You're always on about this ARM thing. It is clear that ARM in a PC is a waste. Why would anyone waste all that money to convert and emulate Windows or OS X when x86 is doing just fine....what is there to talk about?

That said ARM is mobile... x86 is a fail in phones and tablets. For servers it's obvious the vendors want out from Intel's thumb so there is a place for ARM in servers. But if anyone says ARM in PC just don't respond...that is silly.

juanrga · May 20, 2014

colinp :

So far as I know Excavator is on track and everyone who I call says me the same. Excavator patch was added to GCC at the end of the last year and was added to Clang this month. What sense has to add support for a canceled architecture? For 2015 we expect FX, Warsaw, Toronto, Cambridge, Carrizo... I don't see any official word from AMD neither from any tech site saying what you say.

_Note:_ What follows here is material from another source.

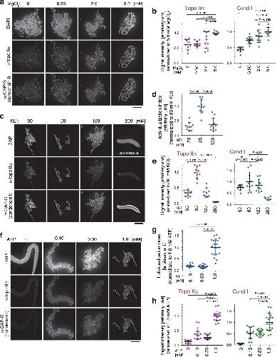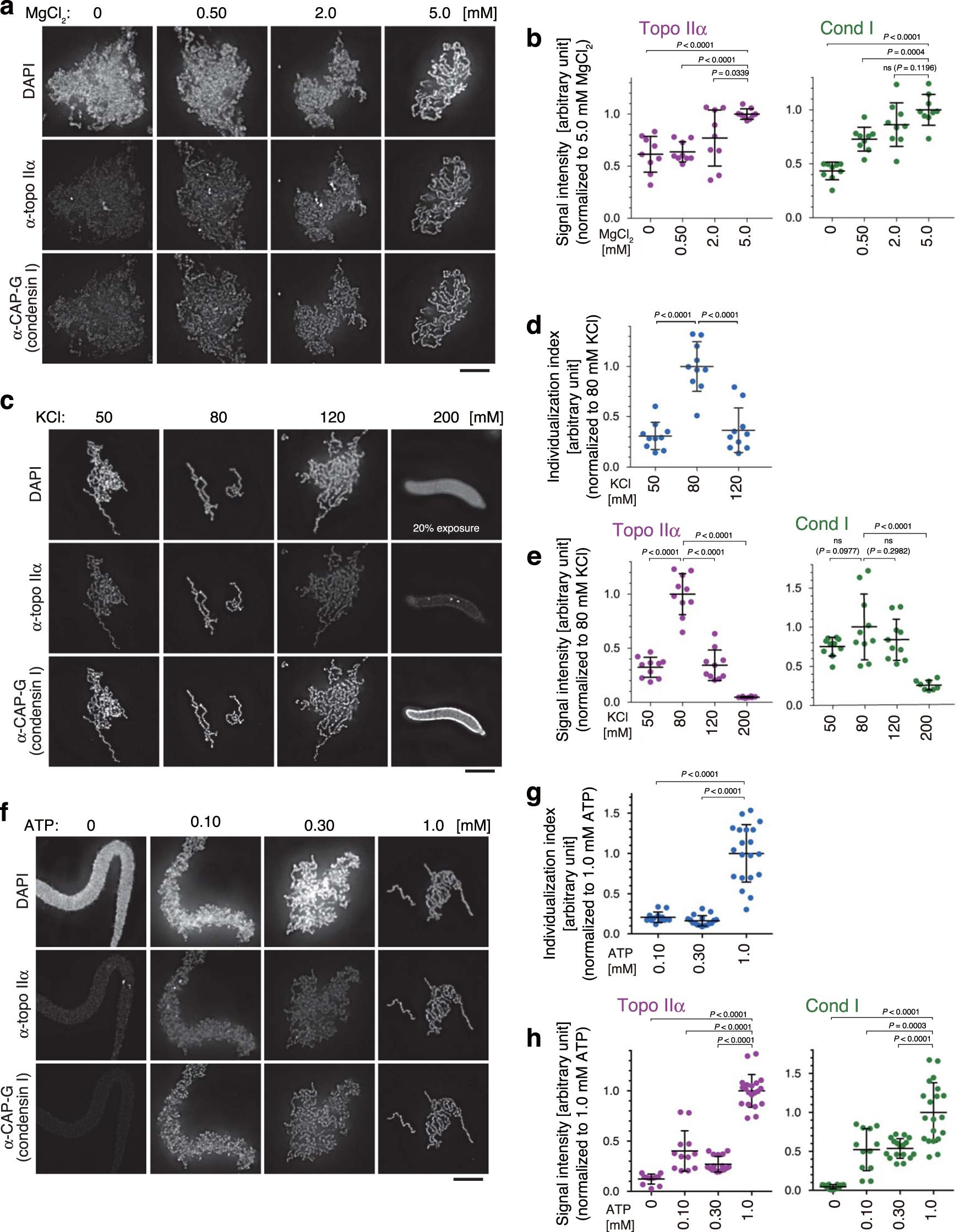 Fig. 1: Manipulation of buffer conditions in the mitotic chromatid reconstitution assay. a, b Xenopus sperm nuclei were mixed with a cocktail of six purified proteins (topo IIα, condensin I, a truncated version of histone H2A.XF-H2B dimer, Npm2, Nap1, and FACT) in a buffer containing no MgCl2 or increasing concentrations of MgCl2. The concentrations of other chemical ingredients in the buffer are listed in Table 1. After a 150-min incubation at 22â°C, the resultant structures were fixed and labeled with antibodies against topo IIα and CAP-G (a subunit of condensin I). DNA was counterstained with DAPI (a). Integral signal intensities of topo IIα or CAP-G were divided by those of DAPI in the same segmented region, and the values normalized to the average value in the reaction containing 5.0âmM MgCl2 are plotted. The meanâ±âs.d. is shown (nâ=â9 clusters of chromatin). P values were assessed by two-tailed Welchâs t-test (ns, not significant) (b). câe KCl concentrations were titrated in the reconstitution assay. Immunolabeling and signal quantification were carried out as above (c, e). The perimeter of a DAPI-positive segmented area was divided by the integral intensity of DAPI in the same area, and the resultant values are plotted as individualization indices (d). The meanâ±âs.d. is shown. The sample sizes (n, the number of clusters of chromatin) are 10 (50, 80, and 120 mM KCl) and 8 (200âmM KCl). P values were assessed by two-tailed Welchâs t-test (ns, not significant) (d, e). fâh ATP concentrations were titrated in the reconstitution assay (f). Individualization indices and signal intensities were analyzed as above. The meanâ±âs.d. is shown. The sample sizes (n, the number of clusters of chromatin) are 12 (0 and 0.10âmM ATP), 17 (0.30âmM ATP) and 20 (1.0âmM KCl). P values were assessed by a two-tailed Welchâs t-test. ns not significant (g, h). Bars, 5âµm. |

I agree on that AMD is limited by constrained resources, but AMD only needs to tweak puma+ core to adapt it to Skybridge 2015, develop the new K12 core for 2016, and then the x86 'sister' core derived from the K12.

Moreover we have word from Keller than cat and Bulldozer lines will be fused in a single line. Thus I see AMD optimizing resources.

If excavator cores are to be released the next year, this implies that the design is finished at the time of writing this. AMD canceling excavator now will not bring backward all the money spent on the development of the core.

Moreover, Intel will release Broadwell at the end of this year. I don't see how AMD could compete with 14nm Broadwell using 28nm Kaveri during all 2015. but I can see them half-competing with 20nm Carrizo up to the new core is ready.

Time will say what AMD has planed.

P.S.: We have known for a long time that AMD was preparing a new HEDT product since Keller returned. The words of someone who pretends to have insider information but only says what we already know is not impressing me, specially when we know all his insider information since the past year was wrong as another poster noted before.

8350rocks · May 20, 2014

juanrga :

colinp :

So far as I know Excavator is on track and everyone who I call says me the same. Excavator patch was added to GCC at the end of the last year and was added to Clang this month. What sense has to add support for a canceled architecture? For 2015 we expect FX, Warsaw, Toronto, Cambridge, Carrizo... I don't see any official word from AMD neither from any tech site saying what you say.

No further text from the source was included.